Cash App Aug 19, 2020

Wire Support For Swift, Part 1

Article Summary

Eric Firestone and Jake Wharton from Square just brought Wire's protocol buffer compiler to Swift, and their opinionated approach throws out some sacred cows. Why build yet another proto compiler when Google already has one?

Square's Wire compiler now supports Swift alongside Java and Kotlin, offering a simpler alternative to Google's official protoc compiler. The team deliberately omits features like default values and dynamic extensions to create cleaner, more idiomatic APIs that scale better for large organizations.

Key Takeaways

Critical Insight

Wire trades protocol buffer feature completeness for dramatically simpler generated code, turning a single optional field from 8 lines of boilerplate into just one nullable property.
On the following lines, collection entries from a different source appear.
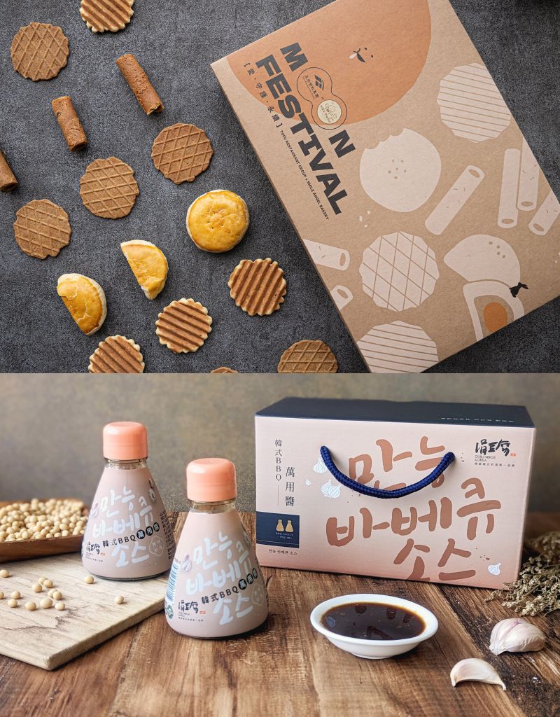 豆府餐飲集團首度攜手微笑天使烘焙坊推出聯名款月餅禮盒,內有波蘿蛋黃酥及4種不同口味的韓系小點,並將主廚研發韓式BBQ萬用醬升級禮盒版,散發濃郁黃豆與小麥香味,甘甜風味適合烤肉時拿來刷魚、蝦、透抽等海鮮,在家烤肉也能端出韓式燒肉店的美味。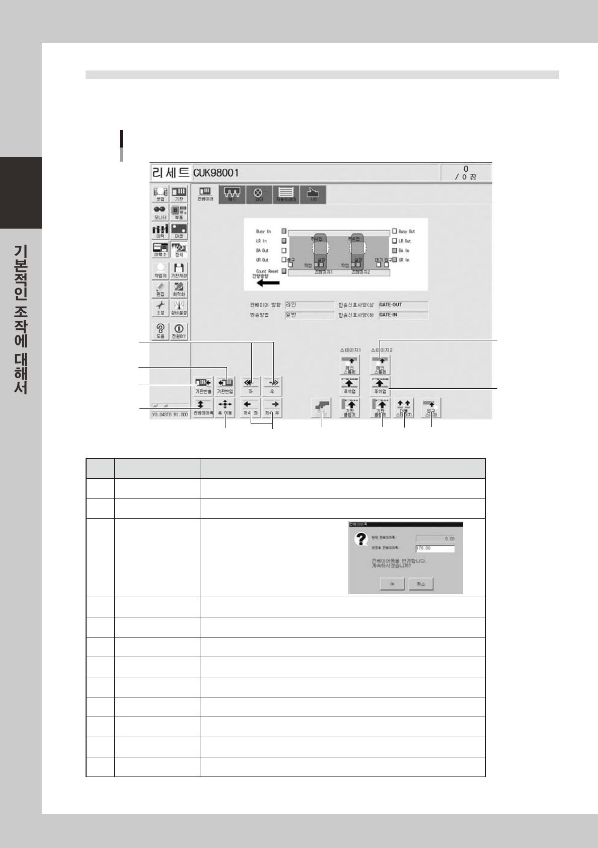 2-14 2 2 .3 장 치화 면 「장치」화면 내의 수 동조작 버튼에 관한 내 용과 기능에 대해서 설 명 합니다 . ■ 컨베 이어 수 동 조작 1 2 3 4 5 6 7 8 9 10 11 12 컨베이어 수동 버튼 2 8 2 0 4 - L1- 0 0 버튼명 기능 1 기판 반 입 입 구또는대기 위 치에서기 판을이동 시켜세 팅위 치에서고 정 합니다 . 2 기판 반 출 기판 고 정 을해제…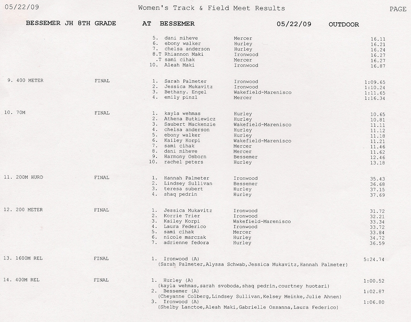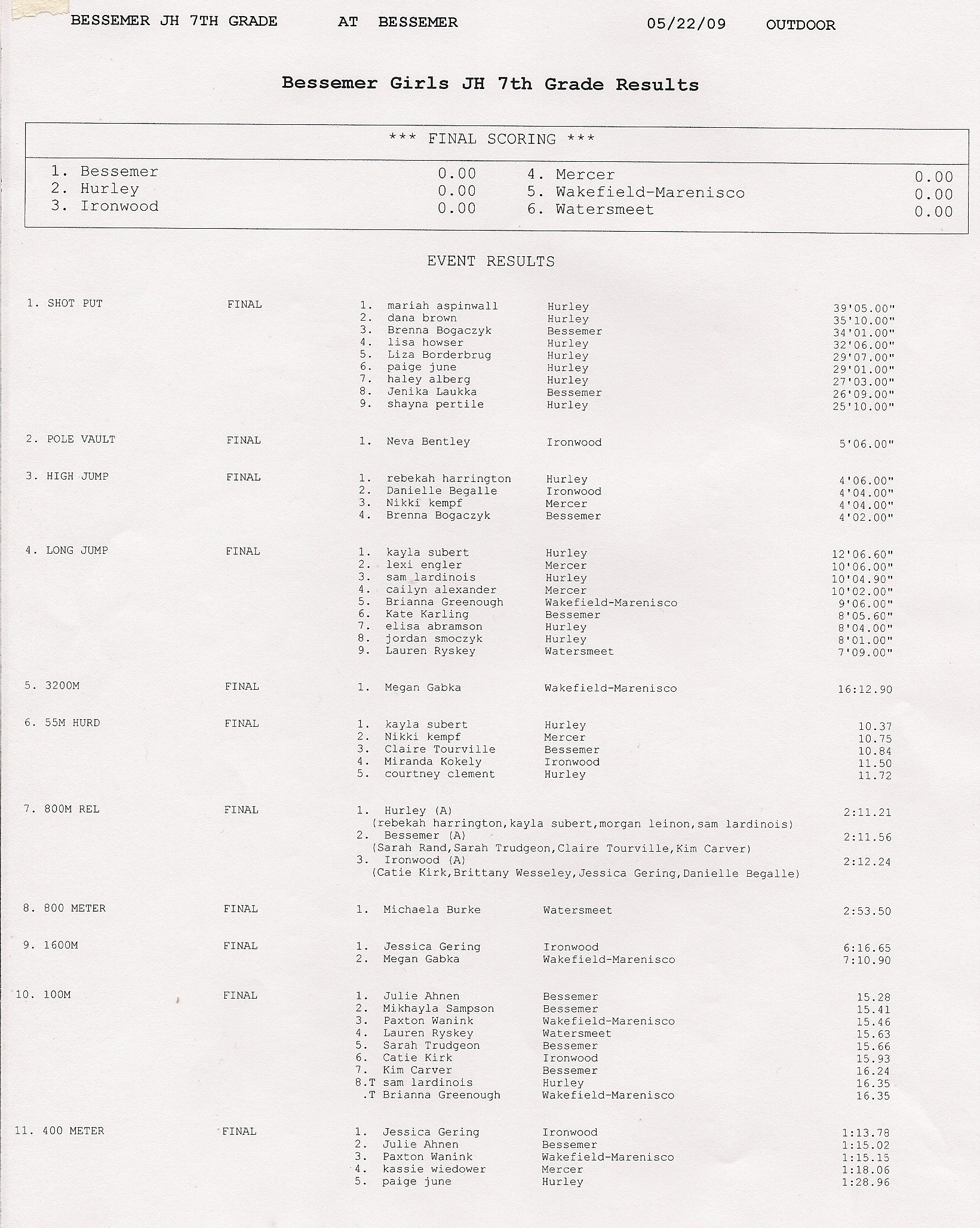 Results - Girls Events

Part two promises performance benchmarks and engineering tradeoffs that influenced Square's decision to standardize on Wire across all platforms.

About This Article

Problem

Swift's module system works differently than Java and Kotlin. Instead of fully-qualified package names, Swift defines modules at the compilation unit level rather than through type-level namespacing. Square needed to handle this fundamental difference.

Solution

Wire's team created a manifest-based packaging system using a single YAML file. This file defines modules, their dependencies, content roots, and what to prune. Developers get type-level control over where modules go.

Impact

Generated Swift content now scopes semantically within the proto dependency tree. Wire handles complete dependency resolution automatically and manages edge cases like type nesting and options across multiple modules.